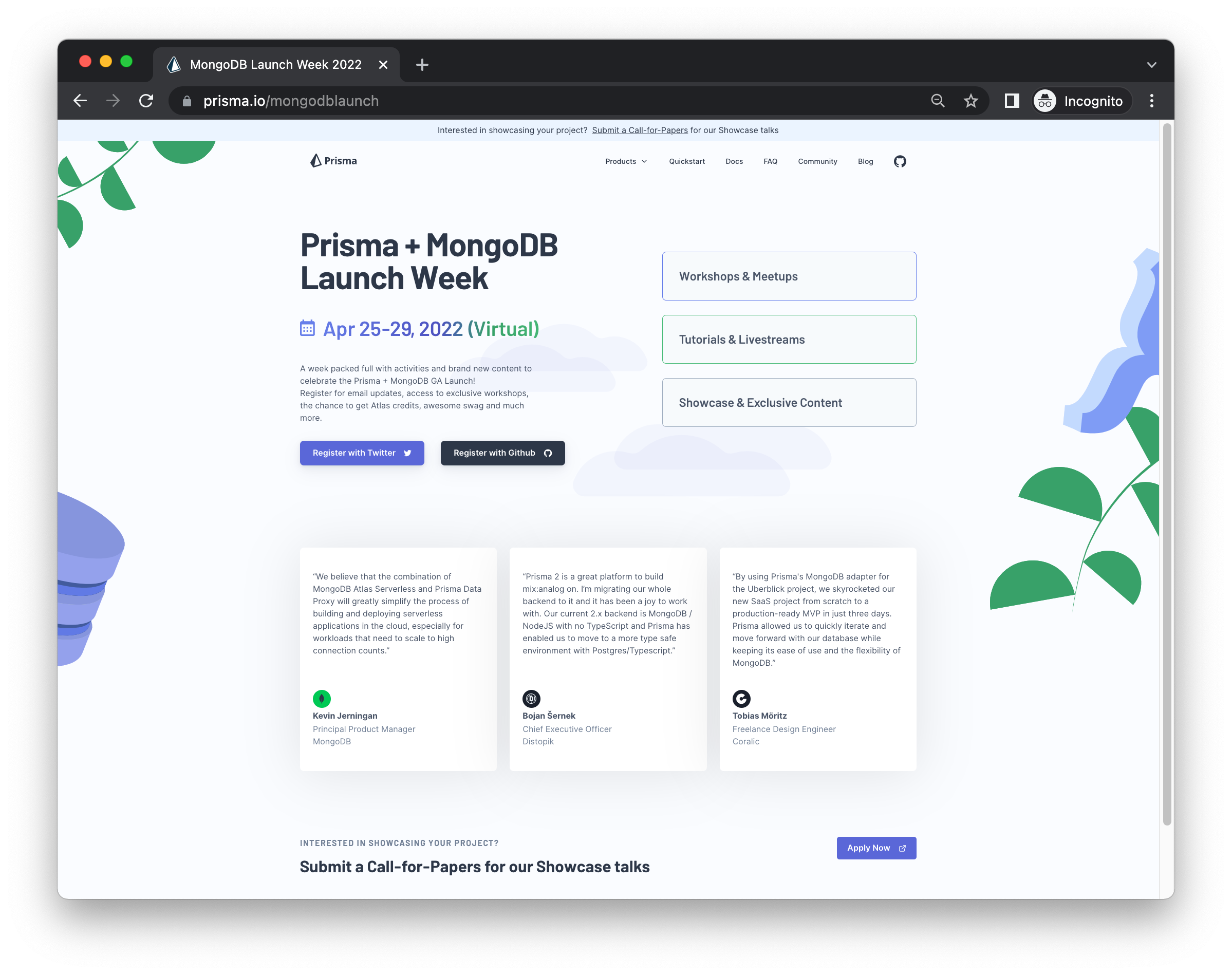Sign up via the website above to join us for the launch week! You can also submit a talk proposal for our Showcase Lightning Talks (~3min) if you are building something with MongoDB and Prisma and want to talk about it during the launch week!
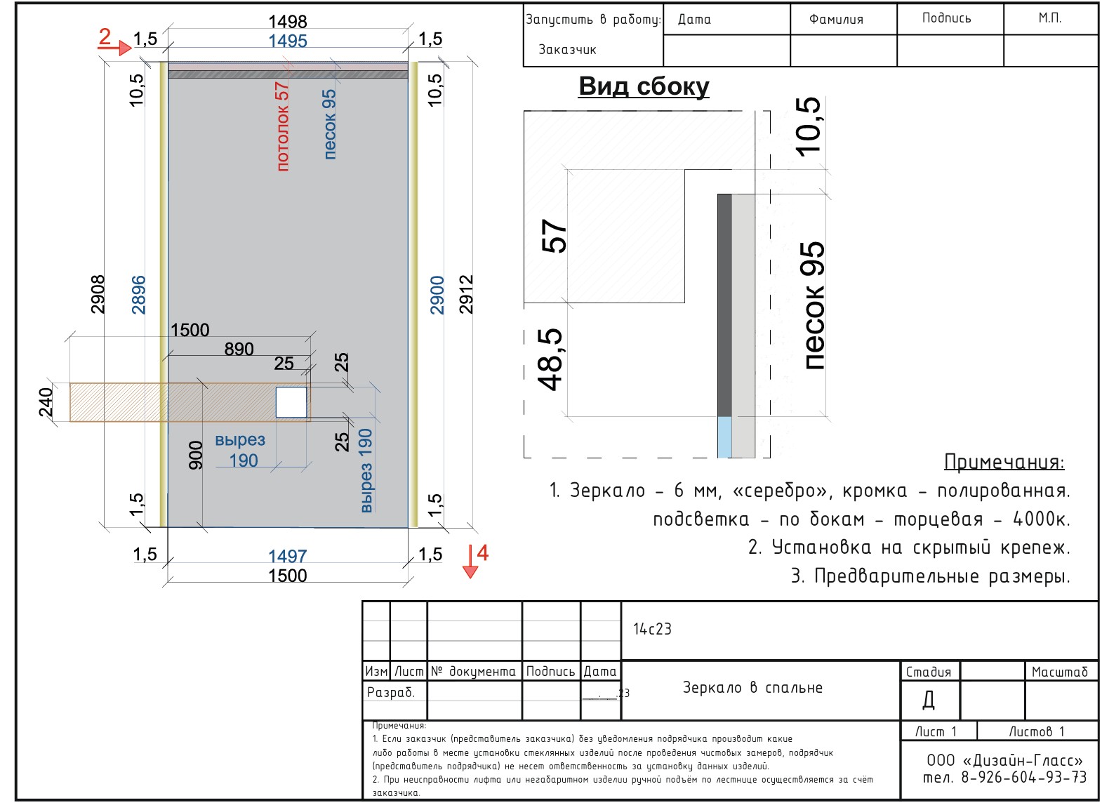 Главной задачей стала установка цельного зеркального полотна высотой 2912 мм и шириной 1500 мм. Работа с такими габаритами требует соблюдения жестких допусков, особенно при использовании скрытого крепежа и организации внутреннего светового контура.
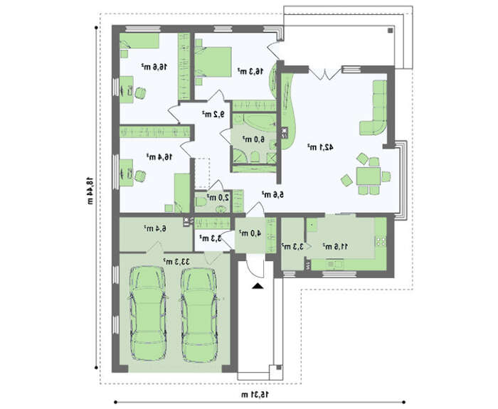 Проект одноэтажного дома площадью 175 кв.м. с гаражом для двух авто
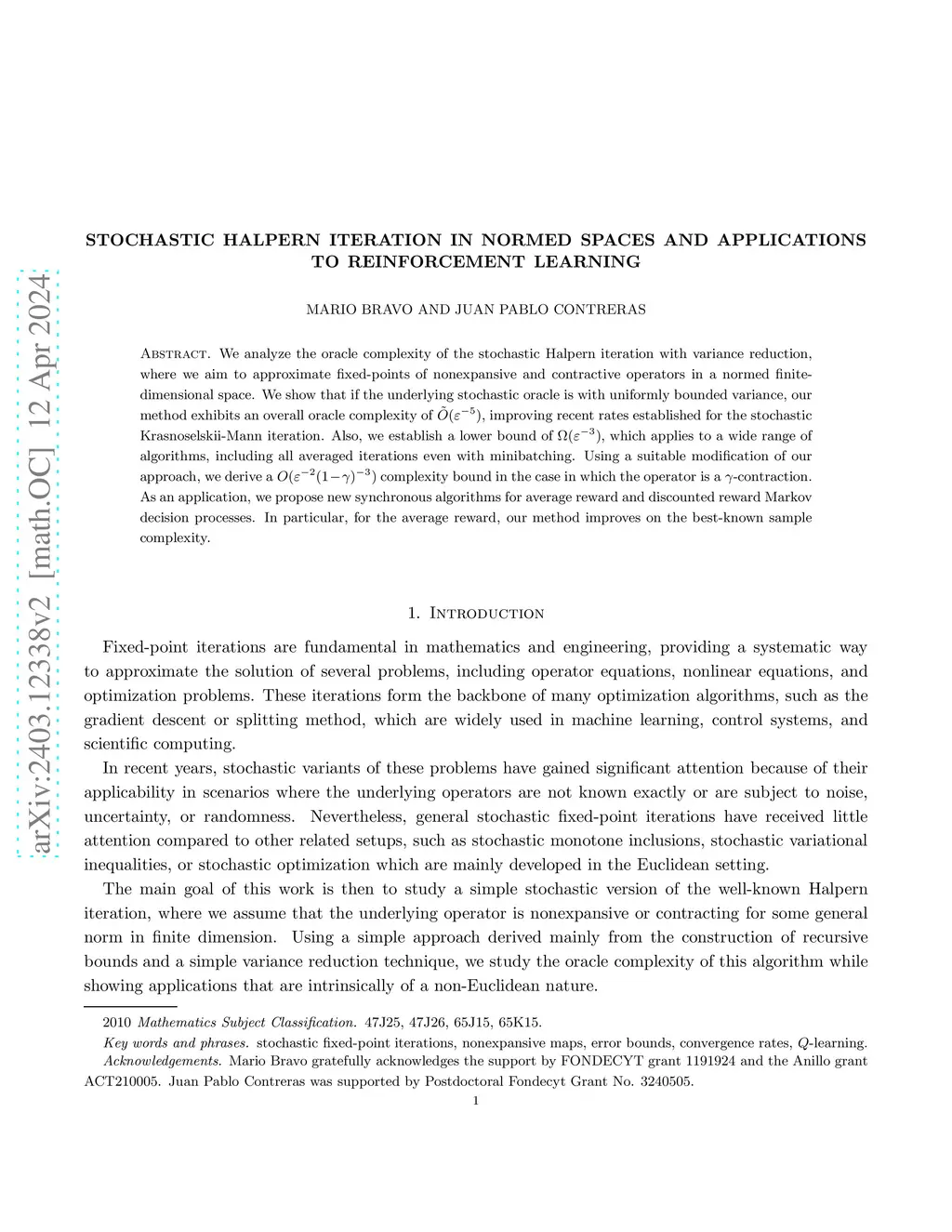 We analyze the oracle complexity of the stochastic Halpern iteration with minibatch, where we aim to approximate fixed-points of nonexpansive and contractive operators in a normed finite-dimensional space. We show that if the underlying stochastic oracle has uniformly bounded variance, our method exhibits an overall oracle complexity of , to obtain expected fixed-point residual for nonexpansive operators, improving recent rates established for the stochastic Krasnoselskii-Mann iteration. Also, we establish a lower bound of which applies to a wide range of algorithms, including all averaged iterations even with minibatching. Using a suitable modification of our approach, we derive a complexity bound in the case in which the operator is a -contraction to obtain an approximation of the fixed-point. As an application, we propose new model-free algorithms for average and discounted reward MDPs. For the average reward case, our method applies to weakly communicating MDPs without requiring prior parameter knowledge.
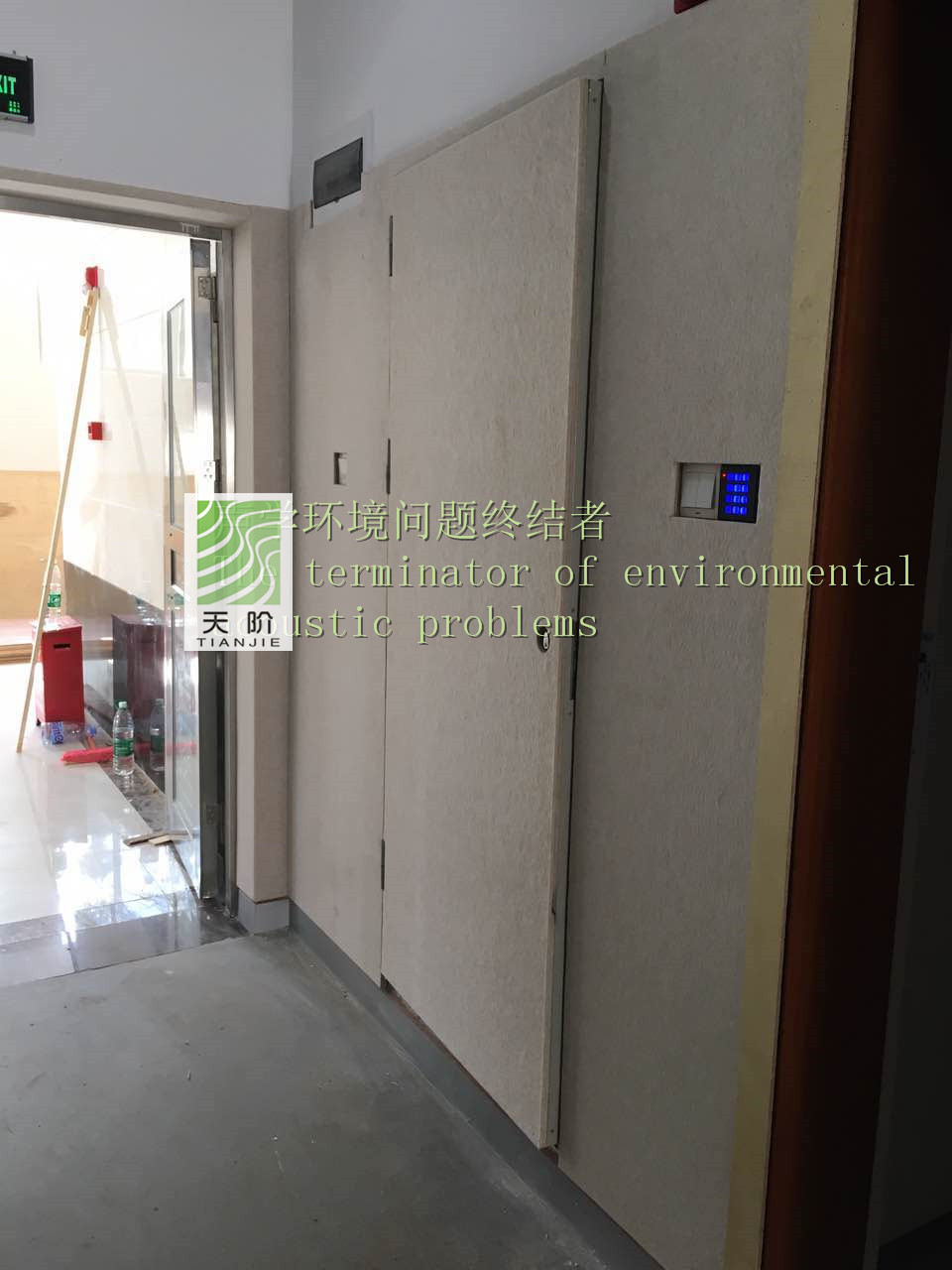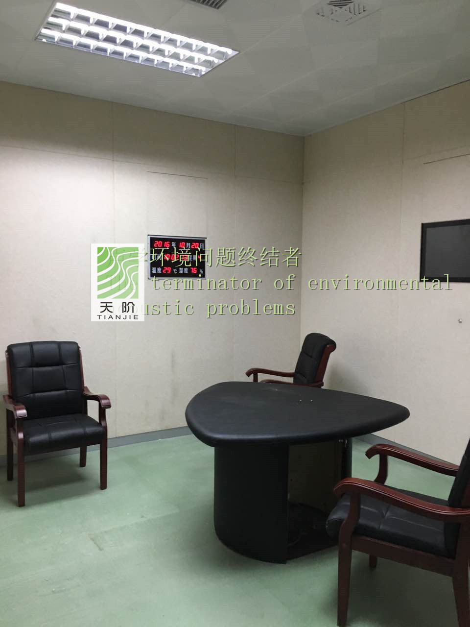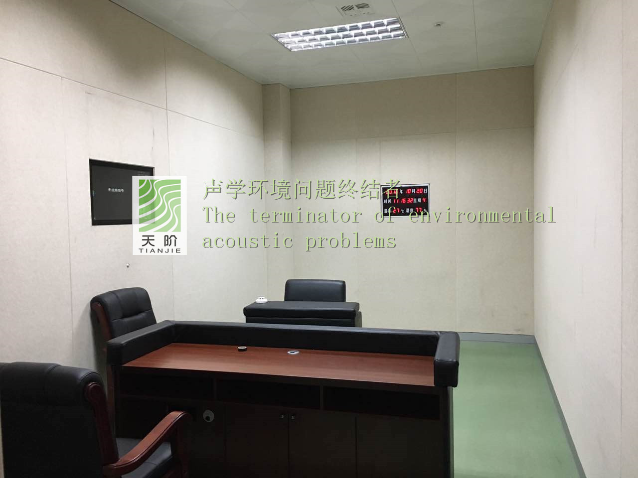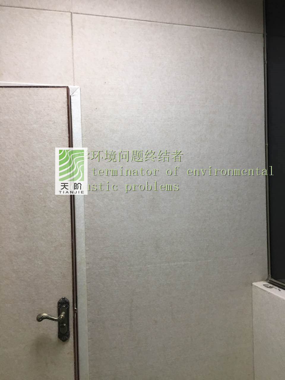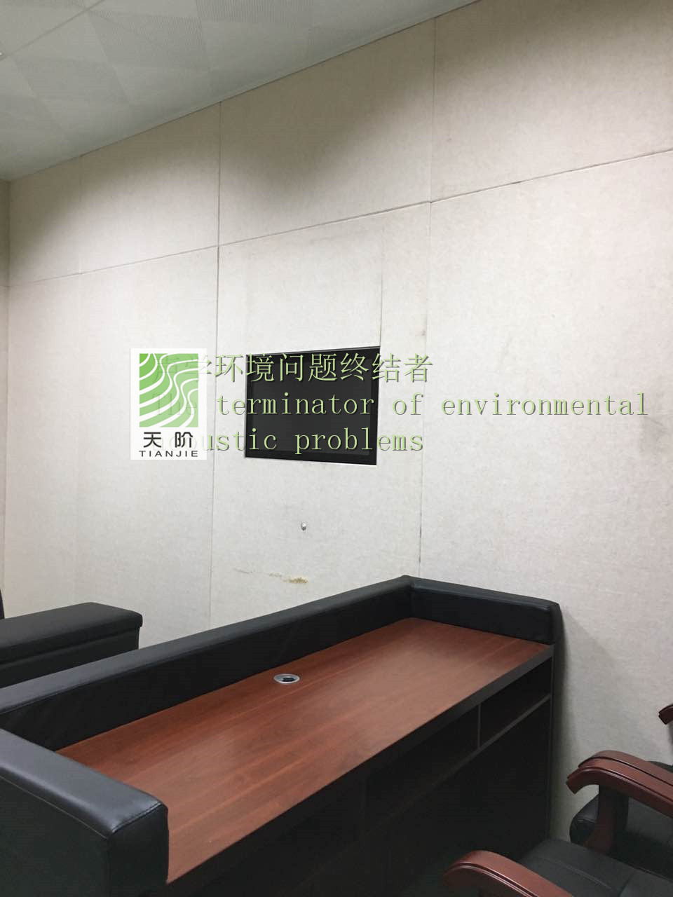此審訊室四周都裝有聚酯纖維吸音板。為了有個更好的審訊環境,甲方要求把門也裝上了聚酯纖維吸音板。

※

Problem description: Produce the full material again verbatim, with the pictures dropped.

Response to the task:
Sign up via the website above to join us for the launch week! You can also submit a talk proposal for our Showcase Lightning Talks (~3min) if you are building something with MongoDB and Prisma and want to talk about it during the launch week!
 Главной задачей стала установка цельного зеркального полотна высотой 2912 мм и шириной 1500 мм. Работа с такими габаритами требует соблюдения жестких допусков, особенно при использовании скрытого крепежа и организации внутреннего светового контура.
 Проект одноэтажного дома площадью 175 кв.м. с гаражом для двух авто
 We analyze the oracle complexity of the stochastic Halpern iteration with minibatch, where we aim to approximate fixed-points of nonexpansive and contractive operators in a normed finite-dimensional space. We show that if the underlying stochastic oracle has uniformly bounded variance, our method exhibits an overall oracle complexity of , to obtain expected fixed-point residual for nonexpansive operators, improving recent rates established for the stochastic Krasnoselskii-Mann iteration. Also, we establish a lower bound of which applies to a wide range of algorithms, including all averaged iterations even with minibatching. Using a suitable modification of our approach, we derive a complexity bound in the case in which the operator is a -contraction to obtain an approximation of the fixed-point. As an application, we propose new model-free algorithms for average and discounted reward MDPs. For the average reward case, our method applies to weakly communicating MDPs without requiring prior parameter knowledge.
此審訊室四周都裝有聚酯纖維吸音板。為了有個更好的審訊環境,甲方要求把門也裝上了聚酯纖維吸音板。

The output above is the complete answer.